Diversity is completely wrong

Diversity is completely wrong

Michael Carden Employee experience 2 Comments

He was literally leaping up the stage stairs. “C’mon everyone, let’s get those energy levels back up!” Far too Tony Robins for this small event. “Everyone, stand up!”

Could I just ignore this? I reluctantly stood. I’d eaten too much buffet lunch.

Who even was this guy again? I looked in the program while being exalted to tell the stranger next to me something that we had in common. He was from a heavy manufacturing company that had won a small town best places to work award. The speaker that is. The woman next to me was a real estate agent. We both had kids, that was about it.

The speaker had slides full of inspirational quotes about teamwork, and told a compelling story about the productive company culture he had built.

He was up there to share his secret. He lowered his voice a notch. People were leaning in. The reveal:

Hire people who like each other

“Every single person we hire gets vetted by the whole of their future team, to make sure they fit in.”

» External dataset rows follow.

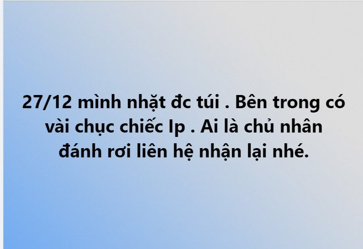 Trao đổi với phóng viên Infonet, người đăng bài tìm kiếm chủ nhân của chiếc ba lô bị đánh rơi là chị Bùi Thu Hằng (sinh năm 1990, ở quận Nam Từ Liêm, TP Hà Nội) cho biết: "Hôm 27/12, chú của mình đã nhặt được một chiếc ba lô màu đen, bên trong có chứa nhiều chiếc điện thoại di động và đưa về cho mình bảo để xem có ai tìm thì trả lại cho họ. Tất cả đều là điện thoại đã qua sử dụng, không có sim và mở khóa sẵn. Mình đoán là của một bạn làm ở cửa hàng điện thoại nào đó đánh rơi, chắc chắn có dùng mạng xã hội, nên đăng lên nhờ mọi người chia sẻ để bạn ấy nhanh chóng tìm được lại đồ".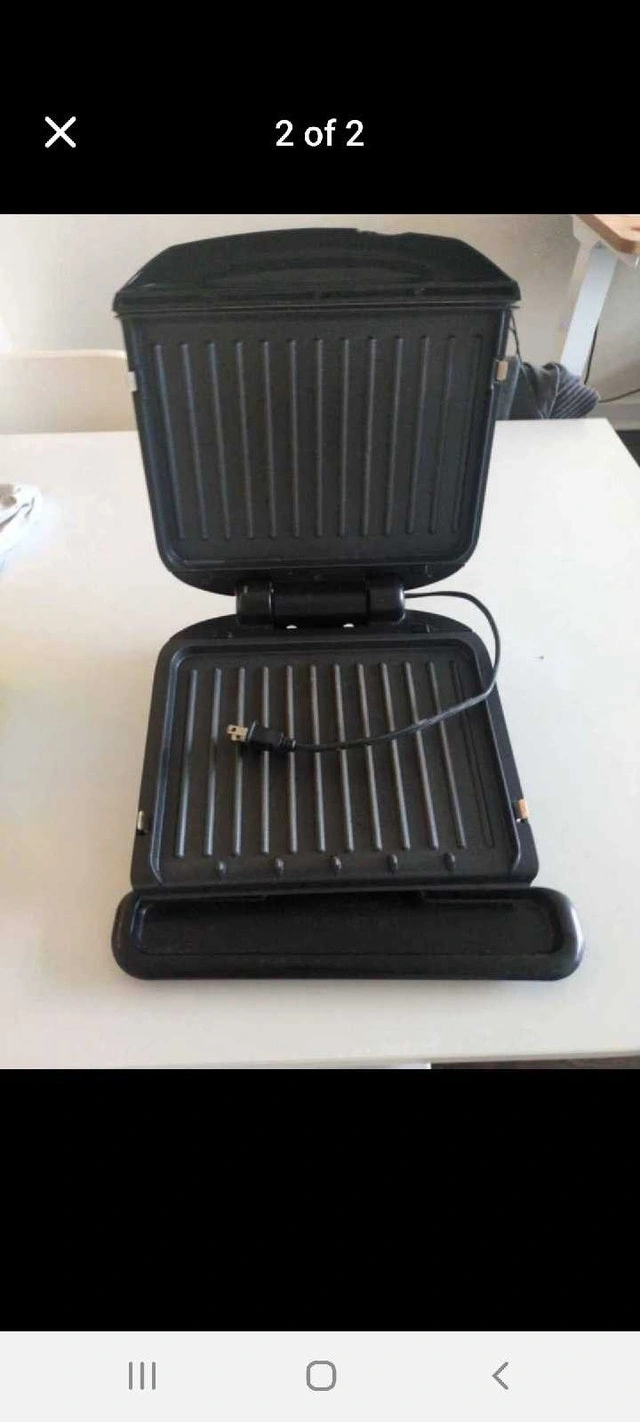Selling a George Foreman grill, perfect for quick and healthy meals. This grill is in good, used condition and ready to use. It heats up quickly and is easy to clean. Brand: George Foreman, Type: Electric Grill, Colour: Black, Non-stick coating for easy cleaning. Asking $20. This ad is live, so yes, it's still available!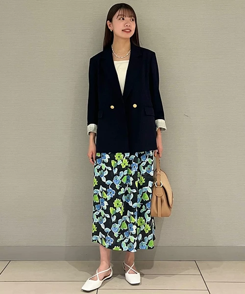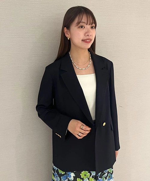 〈MACPHEE〉ウールギャバジン ダブルブレストジャケットは、シーズンレスにお使いいただける上質な定番アイテム。かっちりし過ぎないボクシーなシルエットなので、オンオフとわず活躍してくれるアイテムです。〈Ballsey〉のプリントスカートと合わせ、女性らしいエレガントな表情をプラス。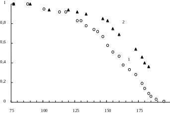 Существование насыщения I/I0 (nT/n0T) при отжиге говорит о том, что в растворе с прошествием времени достигается равновесное состояние. Это состояние в условиях стационарного возбуждения характеризуется определённым числом триплетных молекул акцептора энергии, участвующих в излучении. Причём число триплетных молекул акцептора, характеризующих равновесное состояние, растёт с увеличением температуры отжига.

I looked around. You could split the audience in two. Those for whom this was one of those ‘aha’ moments that reinforced beliefs that they’d not managed to put into words before, and those for whom this was hokey bunkum.

The woman next to me was beaming. “He’s right you know. It’s that simple.”

A woman in the row in front stood up. “Doesn’t that just create a mono-culture? People hiring people that are just like themselves, and so on? Where’s the diversity?”

“There’s no diversity,” the speaker replied with an intonation that weirdly made it sound like a question. “Diversity is completely wrong.” Oh, it was a question. A rhetorical one.

The room was awkwardly silent for a moment. “The key is that everyone who works for us has plenty in common. We build up from that common ground. People start great friendships at work, they end up coming to work to be with their friends. They go the extra mile for their mates and they never want to leave. Diversity is damaging.”

The woman who’d asked the question was still standing. Even from behind I could tell she was having a visceral reaction. Her body stretched out a little like she was about to speak above the rising rabble, then she paused, sat down again. The room devolved into fifty side conversations.

Most people who read this publication will know the proven value of diversity and inclusion, particularly how diversity of thought leads to better business decisions, improved customer empathy, and greater productivity. But here was this completely contrary viewpoint. And the main argument for it was outcome based. Even if the idea of this company’s blokish mono-culture was twisting my gut, the company was undeniably winning, and in business, strategies based on winning have a rich history of prevailing.

Many employee experience models focus on work environment. One of the biggest components of the work environment is the people you work with. And people like spending time with people who are similar to themselves. For many of us work is ‘most of our time’.

Could it actually be possible that for some businesses the EX benefits of a lack of diversity outweigh the business benefits of diversity?

At EX Journal our team have some very strong shared beliefs. We’re building a environment where everyone feels supported to learn, and to fit into that environment you need to be certain kind of person. We also have a properly diverse team and get the benefits from that, but that diversity doesn’t stretch as far as employing people who don’t believe in the power of diversity! In a way we’re a mono-culture of liberal thought.

Later, I caught up with the speaker in the parking lot. By the end of his session he must have felt quite beat up. I felt almost sorry for him. He’d come from out of town, emboldened with his best workplaces award, completely not expecting the divided reaction he got. “There’s good reason for people to feel passionate about this stuff.” I said.

“Sure, I get it, but look we’re a bunch of blokes in heavy manufacturing selling to other blokes in heavy manufacturing”. He rested his case.


What’s your opinion? Join the conversation.


Comments 2

  1. I agree with empowering teams to do their own hiring. I would take it further and suggest managers need to get out of the way and facilitate the recruitment process rather then ‘managing’ it. But, I learned the hard way that this only works if you provide the team with the skills and tools to enable them to do a good job. For example, you have to teach them how to ask good interview questions and what poor interview questions look like, and why. You have to help them create a structured approach to their appraisal and comparison process. And definitely teach them about cognitive biases. People get this last point very quickly based on their own experiences. If you make teams aware of the dangers of homogenised workplaces and the benefits of diversity, I found they make sound hiring decisions.

    1. Beautifully put Lawrence. Although, you do make teaching people to recognise cognitive bias sound much easier than I’m sure it is!